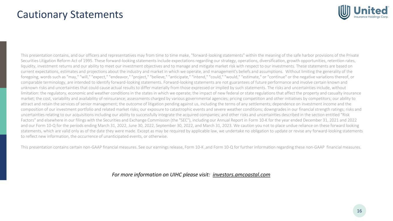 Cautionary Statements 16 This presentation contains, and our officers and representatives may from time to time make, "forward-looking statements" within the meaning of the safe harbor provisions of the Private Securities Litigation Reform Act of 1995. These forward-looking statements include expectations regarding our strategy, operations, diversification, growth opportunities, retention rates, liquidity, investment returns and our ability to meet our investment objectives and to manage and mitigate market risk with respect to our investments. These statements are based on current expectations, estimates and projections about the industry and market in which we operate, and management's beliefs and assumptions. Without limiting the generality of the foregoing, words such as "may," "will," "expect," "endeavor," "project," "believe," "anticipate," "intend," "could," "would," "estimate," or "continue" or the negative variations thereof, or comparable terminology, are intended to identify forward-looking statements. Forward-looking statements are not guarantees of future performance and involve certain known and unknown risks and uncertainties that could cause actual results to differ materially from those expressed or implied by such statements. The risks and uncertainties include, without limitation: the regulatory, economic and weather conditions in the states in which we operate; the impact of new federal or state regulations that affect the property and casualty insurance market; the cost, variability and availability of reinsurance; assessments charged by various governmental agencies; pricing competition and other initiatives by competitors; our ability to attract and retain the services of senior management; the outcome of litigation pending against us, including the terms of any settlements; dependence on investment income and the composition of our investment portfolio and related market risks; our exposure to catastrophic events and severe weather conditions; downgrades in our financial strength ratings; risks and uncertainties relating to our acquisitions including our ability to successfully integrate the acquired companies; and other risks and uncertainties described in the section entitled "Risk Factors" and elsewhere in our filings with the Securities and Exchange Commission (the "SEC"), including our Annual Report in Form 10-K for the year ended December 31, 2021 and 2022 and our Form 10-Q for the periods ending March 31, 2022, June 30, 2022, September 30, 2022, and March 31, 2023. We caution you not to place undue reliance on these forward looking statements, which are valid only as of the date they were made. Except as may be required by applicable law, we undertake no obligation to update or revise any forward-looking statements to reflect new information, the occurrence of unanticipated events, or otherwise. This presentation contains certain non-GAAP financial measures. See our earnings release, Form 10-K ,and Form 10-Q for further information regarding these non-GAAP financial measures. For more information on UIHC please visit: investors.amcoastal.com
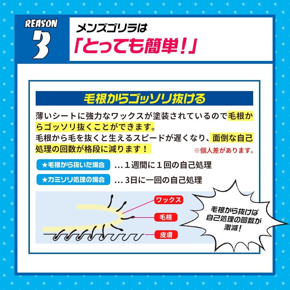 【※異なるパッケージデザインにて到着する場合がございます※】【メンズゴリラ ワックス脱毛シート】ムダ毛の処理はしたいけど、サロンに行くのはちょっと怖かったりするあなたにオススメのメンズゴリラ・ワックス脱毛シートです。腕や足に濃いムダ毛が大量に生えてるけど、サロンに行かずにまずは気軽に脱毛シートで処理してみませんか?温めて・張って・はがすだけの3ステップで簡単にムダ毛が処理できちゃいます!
__________________________________________________
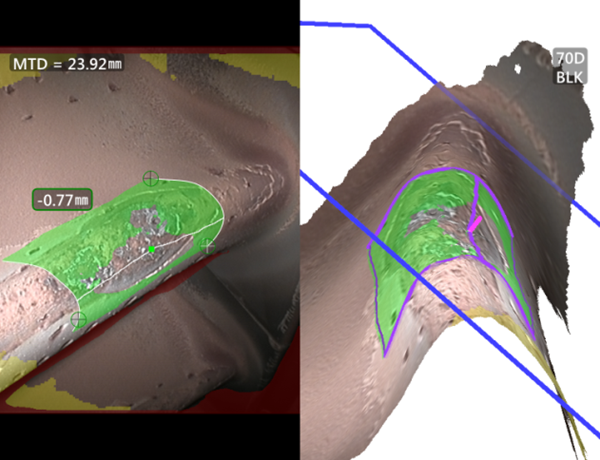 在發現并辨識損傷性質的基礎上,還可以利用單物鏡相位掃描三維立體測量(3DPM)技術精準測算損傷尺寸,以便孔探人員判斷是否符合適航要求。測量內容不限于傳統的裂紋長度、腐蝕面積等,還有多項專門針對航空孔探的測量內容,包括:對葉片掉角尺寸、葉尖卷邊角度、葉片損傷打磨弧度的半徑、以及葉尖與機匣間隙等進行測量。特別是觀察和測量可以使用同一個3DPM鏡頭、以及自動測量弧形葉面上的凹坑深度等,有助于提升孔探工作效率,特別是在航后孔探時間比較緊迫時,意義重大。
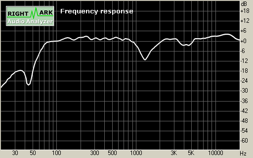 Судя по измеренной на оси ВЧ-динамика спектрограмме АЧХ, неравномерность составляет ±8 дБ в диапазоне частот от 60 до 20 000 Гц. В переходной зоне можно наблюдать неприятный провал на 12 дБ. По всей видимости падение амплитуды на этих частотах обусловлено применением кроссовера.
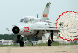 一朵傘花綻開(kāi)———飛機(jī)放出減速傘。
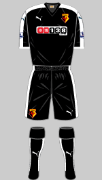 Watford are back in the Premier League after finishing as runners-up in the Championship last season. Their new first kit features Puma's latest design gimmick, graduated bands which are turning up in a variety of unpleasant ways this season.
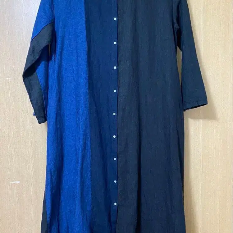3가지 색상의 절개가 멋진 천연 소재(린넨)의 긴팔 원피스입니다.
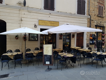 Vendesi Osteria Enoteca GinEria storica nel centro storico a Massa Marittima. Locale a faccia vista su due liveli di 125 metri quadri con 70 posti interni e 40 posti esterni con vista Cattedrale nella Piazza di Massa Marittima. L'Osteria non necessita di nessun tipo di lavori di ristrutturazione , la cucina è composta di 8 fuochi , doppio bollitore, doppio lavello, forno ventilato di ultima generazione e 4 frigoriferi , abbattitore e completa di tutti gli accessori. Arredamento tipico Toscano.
__________________________________________________
» TASK
Skipping every picture, transcribe exactly the lines above from the one containing "在發現并辨識損傷性質的基礎上" through the one containing "Watford are back", both included.

» EXERCISE ANSWER
 在發現并辨識損傷性質的基礎上,還可以利用單物鏡相位掃描三維立體測量(3DPM)技術精準測算損傷尺寸,以便孔探人員判斷是否符合適航要求。測量內容不限于傳統的裂紋長度、腐蝕面積等,還有多項專門針對航空孔探的測量內容,包括:對葉片掉角尺寸、葉尖卷邊角度、葉片損傷打磨弧度的半徑、以及葉尖與機匣間隙等進行測量。特別是觀察和測量可以使用同一個3DPM鏡頭、以及自動測量弧形葉面上的凹坑深度等,有助于提升孔探工作效率,特別是在航后孔探時間比較緊迫時,意義重大。
 Судя по измеренной на оси ВЧ-динамика спектрограмме АЧХ, неравномерность составляет ±8 дБ в диапазоне частот от 60 до 20 000 Гц. В переходной зоне можно наблюдать неприятный провал на 12 дБ. По всей видимости падение амплитуды на этих частотах обусловлено применением кроссовера.
 一朵傘花綻開(kāi)———飛機(jī)放出減速傘。
 Watford are back in the Premier League after finishing as runners-up in the Championship last season. Their new first kit features Puma's latest design gimmick, graduated bands which are turning up in a variety of unpleasant ways this season.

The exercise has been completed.